I made a trip to Ohio last week to visit my mother, and one of the things I proposed she and I do was to take a road trip to Pleasant Hill, Kentucky, because for some time I’ve wanted to photograph the furniture and clean-lined dwellings of the Shakers. Mom loves “Early American” furniture, and is always up for anything that sounds like an Adventure. So off we went, leaving Mom’s home in Northeast Ohio and driving in the general direction of Lexington, six hours away. We listened to CDs of the music of Aaron Copland on the car stereo, since that composer incorporated a number of Shaker tunes (like the hymn “Simple Gifts”) in his works.

" 'Tis the gift to be simple, 'tis the gift to be free
'Tis the gift to come down where we ought to be,
And when we find ourselves in the place just right,
'Twill be in the valley of love and delight.
When true simplicity is gain'd,
To bow and to bend we shan't be asham'd,
To turn, turn will be our delight,
Till by turning, turning we come 'round right."

When we arrived at Pleasant Hill, Mom and I wandered around the village and were gently, visually transported back into the 1800’s. Though the Shaker community of Kentucky died-out in the early 1900’s and for a while Pleasant Hill fell into disrepair, the village has been restored by hardworking locals. There are tours of the Shaker village buildings and demonstrations of craft-work like handmade brooms and classic Shaker bentwood boxes.

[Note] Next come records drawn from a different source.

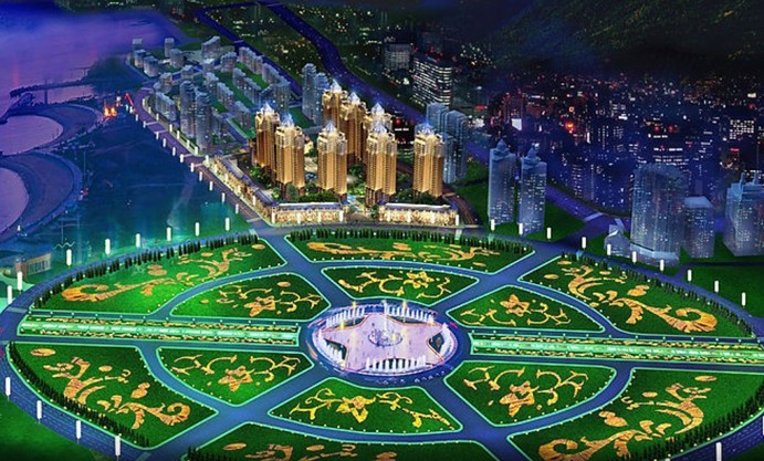 从广场中央大道中心点往北500米是会展中心;往南是百年城雕广场,500米外是蓝色的大海。中央大道红砖铺地,两侧绿草如茵,每隔20米设一个航标灯造型的石柱灯,象征着中国正面向大海,走向世界。
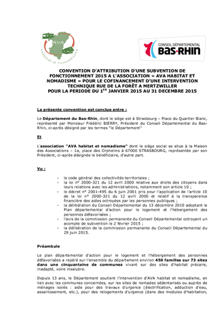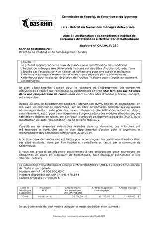 Le présent rapport concerne deux demandes pour l'amélioration des conditions d'habitat de ménages très défavorisés habitant sur des sites d'habitat dégradé, l'une déposée par l'association AVA habitat et nomadisme pour une action d'assistance à maîtrise d'ouvrage à Mertzwiller et la deuxième déposée par la commune de Kaltenhouse pour le site de résorption de l'habitat insalubre avant l'accès au logement des ménages.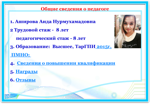 » » » ПОРТФОЛИО УЧИТЕЛЯ НАЧАЛЬНЫХ КЛАССОВ АШИРОВОЙ АИДЫ НУРМУХАМАДОВНЫ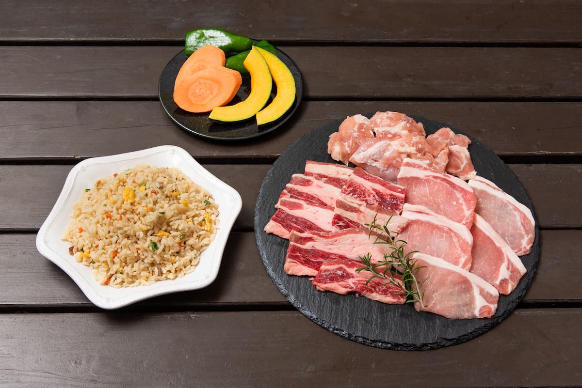 牛・豚・鶏とカット野菜と締めの炒飯が揃う団体向けプラン。すべてカット済みで準備不要、到着後すぐBBQ開始!肉だけで300gの大容量。50名以上の団体に人数分ご用意できます。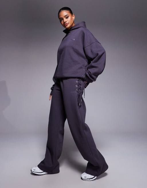 Kaiia cotton rich lace up detail wide leg trackies in charcoal (part of a set)
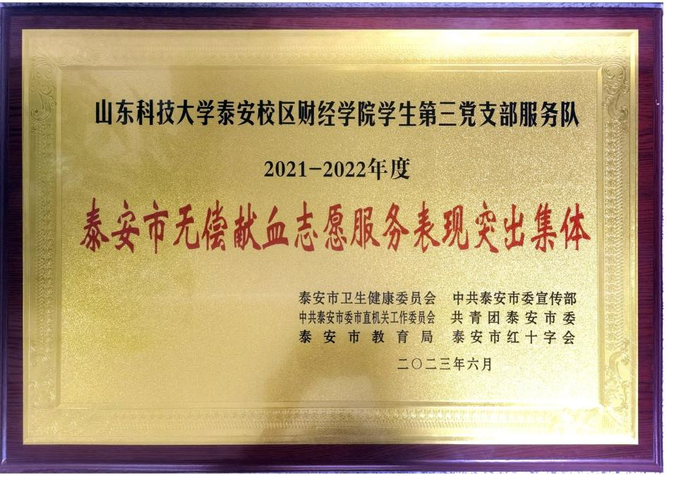 感恩奉献,致敬爱心。为弘扬互助、友爱、奉献、进步的志愿服务精神,每年的献血车进校园活动,财经学院学生党支部服务队都会派出志愿者进行相关志愿服务。志愿者会在活动前进行无偿献血知识的宣传讲解,在活动中维持好献血场所的工作秩序,在活动后询问和记录献血者对献血服务的建议和意见。财经学院学生第三党支部服务队因在无偿献血志愿服务中的突出表现,获“2021-2022年度泰安市无偿献血志愿服务表现突出集体”荣誉称号。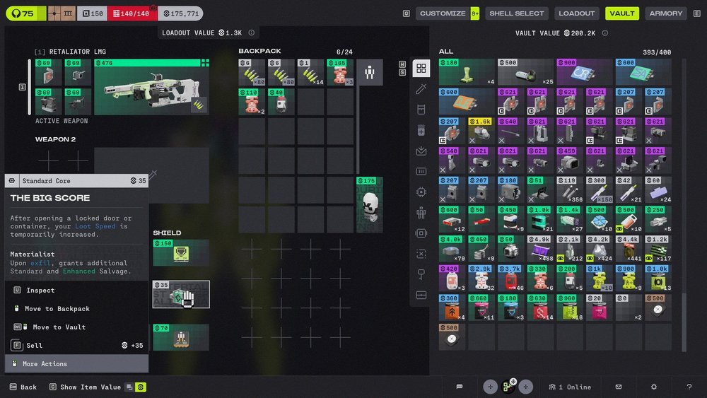 As much as it sounds punishing insofar as dying means losing all current equipment, Marathon is actually quite forgiving due to the Faction quests and their rewards. Progressing through the six available factions will provide players with upgrades like higher overall heat capacity, more stash space, the ability to buy better shields, or access to free items and sponsored kits for a reasonable price. The higher I get in each faction, the more accessible the better loadouts become.

After making that long road trip, it seemed that Mom and I did indeed “find ourselves in the place just right.”

Friday, November 18, 2011

Batting Practice

I bought a new camera this week...which, to be honest, is a happening about as unusual as Lindsay Lohan getting arrested. I mean, truth be told, it seems to me like I purchase a lot of cameras. I have Work cameras and Play cameras; cameras that help me earn income; but other cameras that, unfortunately, prove to be mere indulgences -- image-making tools that seemed promising in camera review scouting reports, but struck out when life started throwing fastballs my way.

The camera I bought this week -- a Fuji X10 -- is HOT. Only recently released in the US, it is already sold-out and on backorder at most camera stores and on photographic retail web sites. I placed an order for my X10 months ago when I first read about it...and I’ve been waiting and waiting for delivery.

When the camera arrived this week, I charged the battery, skimmed a few pages in the Owner’s Manual (no pro photographer that I know would be caught dead actually reading a camera instruction book -- only geeks do that.) Then I headed out to the pasture and barn to hang out with Pumpkin the Goat (she is always a willing model.)

I don’t intend for the X10 to be a Work camera. It will be a tool I’ll use for my just-for-fun shooting. Nevertheless, I think my heart was beating a little extra-fast as I began to work with the much-anticipated camera. Without getting too technical or too inside-baseball here, there is a coming-together of several features in the new X10 that previously has been available in one camera or another, but not really in one package.

My verdict? Well, like a baseball player tinkering with a new hitting stance, X10 and I need more batting practice before we perform up to our full potential. I have a feeling, though, that soon we’ll be swinging for the fences.

Friday, November 11, 2011

A Picnic & a Prayer Service

About a year ago Leah and I invited some of our friends from the Seattle Tibetan community out to our place for a picnic. Our adult guests that day came bearing gifts of Himalayan-grown tea, traditional Tibetan sweets, and prayer flags. The Tibetan children brought exuberant energy and curiosity for exploring the woods around our house, and playing in the pastures with Pumpkin the goat and Smokey the sheep. The kids’ centuries-old culture might be that of herders and traders, but these Tibetan children live in Seattle and live city kid lives.

“Eeewww, POOP!” they screeched when they saw the raisin-like droppings that Pumpkin leaves in the pasture.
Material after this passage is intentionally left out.